340b. Analysis of Algorithms
Qualitative and quantitative analysis of algorithms and their corresponding data structures from a precise mathematical point of view. Performance bounds, asymptotic and probabilistic analysis, worst-case and average-case behavior. Correctness and complexity. Particular classes of algorithms such as sorting and searching are studied in detail. Prerequisites: Computer Science 206 and some additional mathematics at the 200 level, or permission of instructor. (Lindell)
345b. Theory of Computation
Introduction to automata theory, formal languages and complexity. Introduction to the mathematical foundations of computer science: finite state automata, formal languages and grammars, Turing machines, computability, unsolvability and computational complexity. Prerequisites: Computer Science 206, and some additional mathematics at the 200 level, or permission of instructor. (Lindell) Not offered in 2004-05.
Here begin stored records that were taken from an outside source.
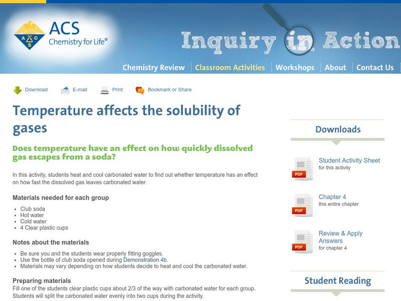 Inquiry in Action: Temperature Affects the Solubility of Gases
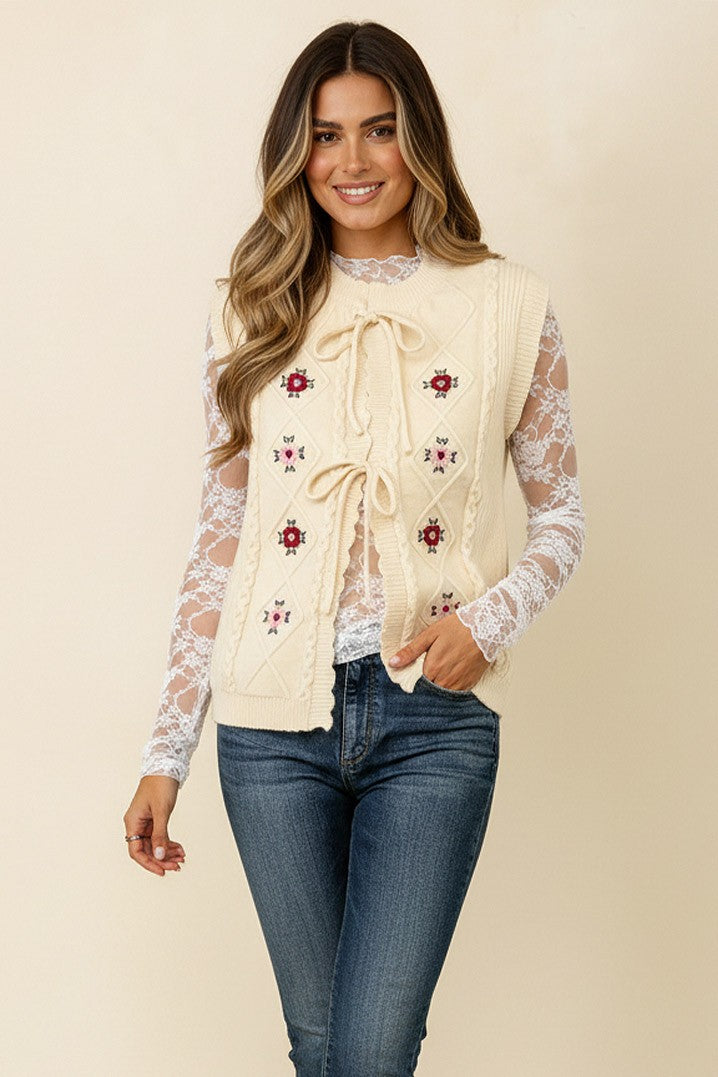 SCALLOP ROUND NECK TIED BOW FRONT EMBROIDERED FLORAL SWEATER VEST
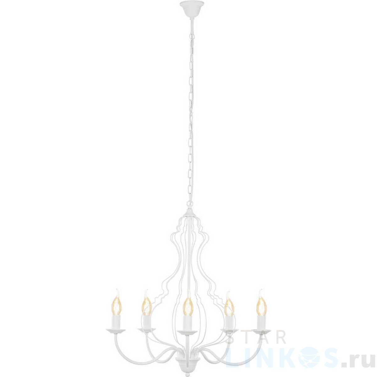 Поставщик рекомендует использовать лампы накаливания с цоколем E14 для освещения площади 16,7 м2. Подвесная люстра Nowodvorski Margaret 6330 в стиле прованс используется в интерьере гостиной с установкой на потолок.
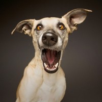 Картинка с эмоциональной собакой. На фото изображен прикольный пёс с открытым ртом, который судя по выражению морды испытывает яркие эмоции. Скачать фото с забавной собачьей мордой.
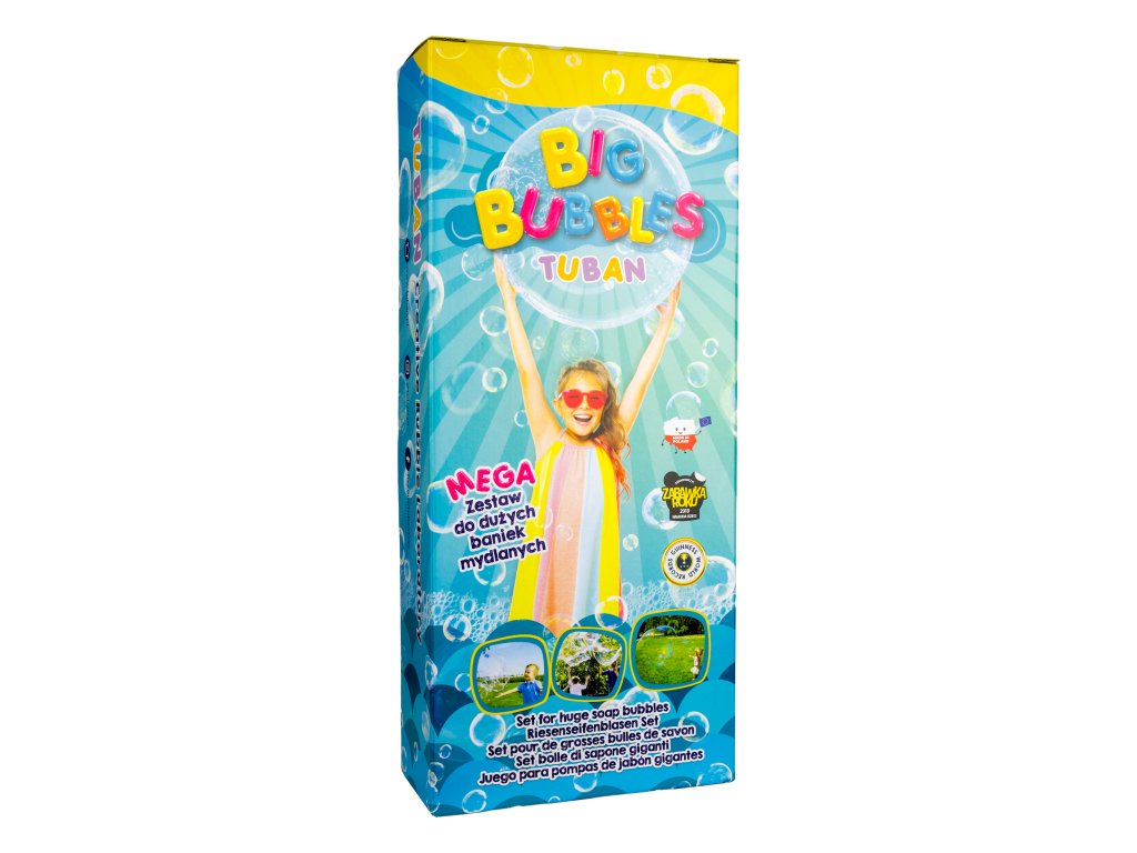 Mega készlet nagy buborékokhoz Varázslatos buborékok könnyedén! Készítsen hatalmas és rendkívül tartós buborékokat, amelyek elvarázsolják a gyerekeket és a felnőtteket egyaránt! Ez a mega készlet ideális születésnapi partikra, kerti partikra vagy családi összejövetelekre. A TUBAN márka buborékfújói egyedülállóak a folyadék egyedi összetételének köszönhetően, amely rendkívül tartós és nagy buborékokat hoz létre, amelyek hosszabb ideig lebegnek a levegőben, és gyönyörű színekben ragyognak. A speciális eszközöknek köszönhetően nemcsak a klasszikus buborékokat élvezheti, hanem a csodálatos buboréktunneleket és a látványos trükköket is.Mit tartalmaz a mega készlet?1 l szappanos buborék koncentrátum = 4 l használatra kész folyadék250 ml-es palack buborékfolyadékkalBuborékfújó karika (kb. 35 cm)Pálcikák zsinórral óriás buborékokhoz (hossza kb. 45 cm)2 műanyag karikaTál

CMSC B350. Compiler Design: Theory and Practice
An introduction to compiler and interpreter design, with emphasis on practical solutions, using compiler-writing tools in UNIX and the C programming language. Topics covered include lexical scanners, context-free languages and pushdown automata, symbol table design, run-time memory allocation, machine language and optimization. (Wonnacott) Not offered in 2004-05.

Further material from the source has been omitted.